When he talked, she heard the same voice, and discerned the same mind.
There was a very general ignorance of all naval matters throughout the
party; and he was very much questioned, and especially by the two Miss
Musgroves, who seemed hardly to have any eyes but for him, as to the
manner of living on board, daily regulations, food, hours, &c., and
their surprise at his accounts, at learning the degree of accommodation
and arrangement which was practicable, drew from him some pleasant
ridicule, which reminded Anne of the early days when she too had been
ignorant, and she too had been accused of supposing sailors to be
living on board without anything to eat, or any cook to dress it if
there were, or any servant to wait, or any knife and fork to use.

From thus listening and thinking, she was roused by a whisper of Mrs
Musgrove's who, overcome by fond regrets, could not help saying-"Ah! Miss Anne, if it had pleased Heaven to spare my poor son, I dare
say he would have been just such another by this time."

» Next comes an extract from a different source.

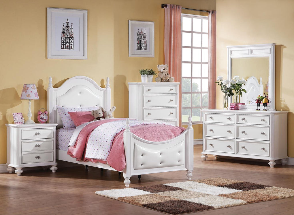 The Athena girl's bedroom collection features shaped and profiled head/footboard with accommodating trundle. Complementary cases include trim molding drawer fronts, decorative crystal like knob hardware, pumpkin bun feet and white finish throughout. This beautiful girl bedroom is perfect for your favorite girl.

Anne suppressed a smile, and listened kindly, while Mrs Musgrove
relieved her heart a little more; and for a few minutes, therefore,
could not keep pace with the conversation of the others.

When she could let her attention take its natural course again, she
found the Miss Musgroves just fetching the Navy List (their own navy
list, the first that had ever been at Uppercross), and sitting down
together to pore over it, with the professed view of finding out the
ships that Captain Wentworth had commanded.